I can’t see anything but the shape of my own pain, my mind wailed peevishly. Go away and take all your pretty fragments with you. The one thing I’ve got to do in this world is leave here and take my daughter with me, and right now I don’t see how I’m going to do that.
“Tell me,” I said aloud, or rather the old Merritt said, popping up like an indestructible jack-in-the-box. Get out of here I told her furiously in my mind; stay out of my head until I’m back where you live. This is not your place. I don’t want you. I want the one who came after you.…
“Tell me,” I said again to my sister. That was when I knew that the woman T.C. and I had created was not going to survive the trip home. It was the worst moment of all. I have felt no pain since that has even come close to that moment.
She took her coffee cup and went over to the sofa and sprawled out on it, putting her booted feet up. I followed her stiffly and sat in the facing wing chair. On the way I lit the half-charred logs and pulled an afghan around me. The cold felt as though it was sucking the life out of me.
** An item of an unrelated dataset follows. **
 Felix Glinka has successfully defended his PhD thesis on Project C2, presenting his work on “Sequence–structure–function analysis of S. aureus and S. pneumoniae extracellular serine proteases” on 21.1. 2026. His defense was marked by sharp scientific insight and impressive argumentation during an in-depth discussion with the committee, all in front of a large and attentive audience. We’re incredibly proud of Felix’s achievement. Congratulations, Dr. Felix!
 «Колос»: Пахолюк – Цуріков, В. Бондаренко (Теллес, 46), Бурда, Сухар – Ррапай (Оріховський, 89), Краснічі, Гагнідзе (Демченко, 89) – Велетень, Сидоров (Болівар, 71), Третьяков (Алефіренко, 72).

She did not speak, and I said, “Did you see Caleb?”
“Oh, yeah. I found him right off, at his place. It was close to dawn, but he had company. They went out the back way; I never saw them. I don’t know if it was a man or a woman, but I can’t imagine any man friend of Pring’s sneaking out his back door when I happen by. None of them thinks I’m important enough for that. And as it turns out, I’m not. I never was. I don’t know now why I couldn’t see that.”
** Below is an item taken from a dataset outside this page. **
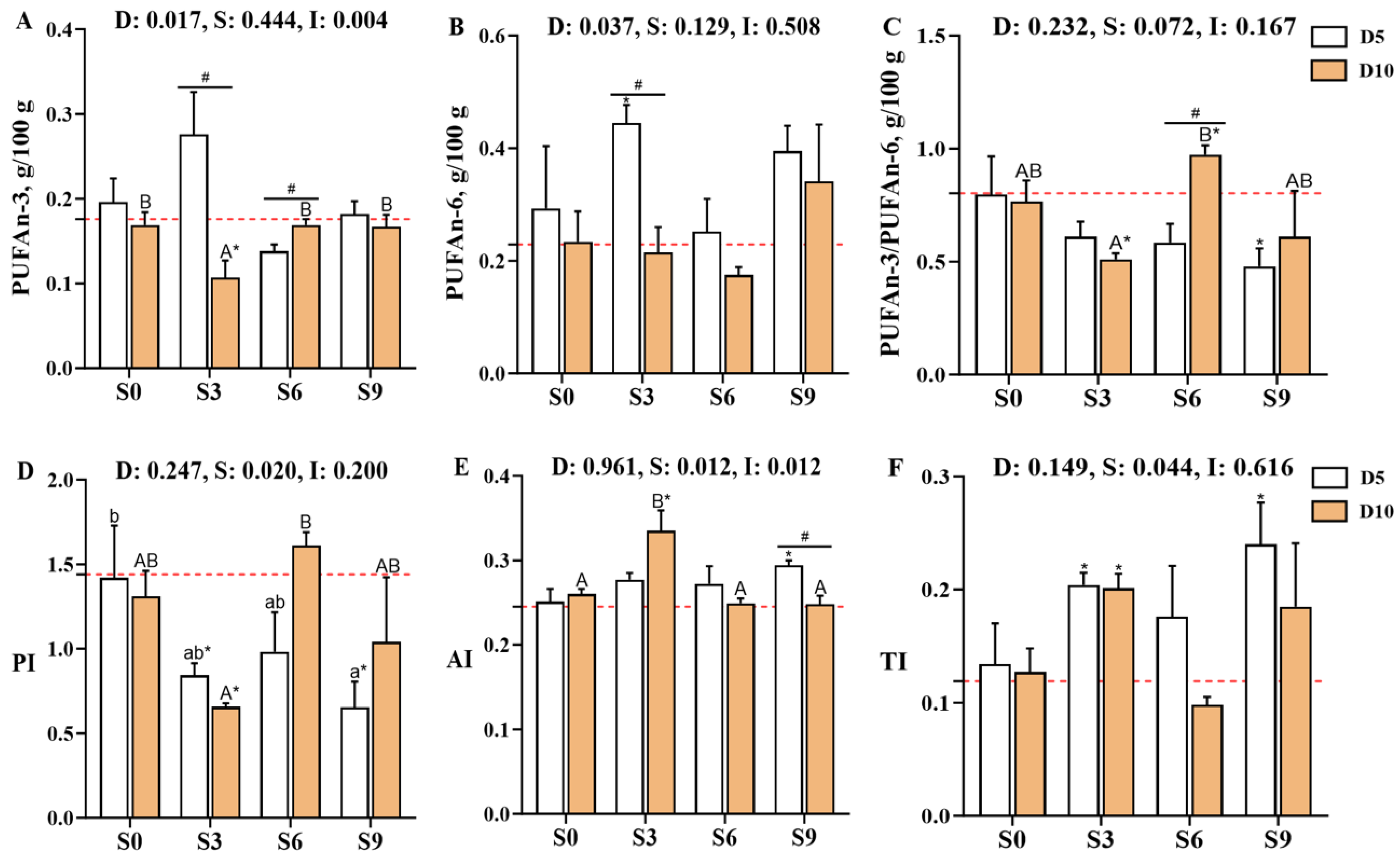 Effects of short-term depuration under saline conditions on muscle fatty acid nutritional evaluation in Carassius auratus gibelio. (A), Total content of n-3 polyunsaturated fatty acids (PUFAn-3) in muscle; (B), Total content of n-6 polyunsaturated fatty acids (PUFAn-6) in muscle; (C), The PUFAn-3/PUFAn-6 ratio in muscle; (D), Peroxidizability index (PI) in muscle; (E), Atherogenic index (AI) in muscle; (F), Thrombogenic index (TI) in muscle. The red dashed line indicates the baseline values of muscle nutritional composition measured before depuration (D0S0 group). “*” denote significant differences between each depuration treatment group and the D0S0 group (independent samples t-test, p < 0.05). “#” denotes significant differences among groups subjected to different depuration durations under the same salinity conditions (Independent samples t-test, p < 0.05). Different lowercase superscript letters indicate significant differences among salinity groups (S0, S3, S6, and S9) after 5 days of depuration (D5) (Tukey’s test, p < 0.05), while different uppercase superscript letters indicate significant differences among salinity groups (S0, S3, S6, S9) after 10 days of depuration (D10) (Tukey’s test, p < 0.05).

“I’m sorry, Pie,” I said, and I was. Sorry, sad, but at a remove, as if through a pane of glass. I didn’t know what else to say to her. I could not make this right.
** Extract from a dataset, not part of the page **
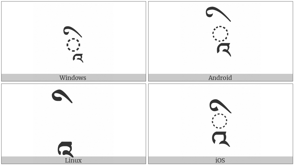 The image below shows how the “Tibetan Vowel Sign Ii” symbol might look like on different operating systems. If the font in which this web site is displayed does not contain the symbol and there is no fallback font able to render it, you can use the image below to get an idea of what it should look like.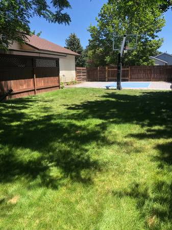 Outside in the backyard is secured by a wooden fence, for tons of privacy. It has a large basketball standard and a cool blue court, a covered patio, a side wooden deck patio, a big green grassy area, and a shade tree, for relaxing after work.

“So things didn’t go well about Arc?”
She stretched mightily.
“There’s not going to be any Arc,” she said. “I killed Arc. I’m glad I did. It was a monstrous thing, an abomination. It would have been even if I’d played the grown-up Joan, I can see that now. The whole concept is…obscene. He didn’t change his mind about my doing the Dauphine; I thought at first he would, but in the end he wouldn’t. It was no mistake, of course. That’s what he wanted me for all along. That and for Glynn. When I realized he wasn’t going to budge about that I called Margolies and told him there was no chance and you were taking her home. He pulled the plug on the picture that day. Pring was furious and oh, so wounded; he said he hadn’t thought I had it in me to hurt him like that. Can you believe it? After the Arc business, after the baby—”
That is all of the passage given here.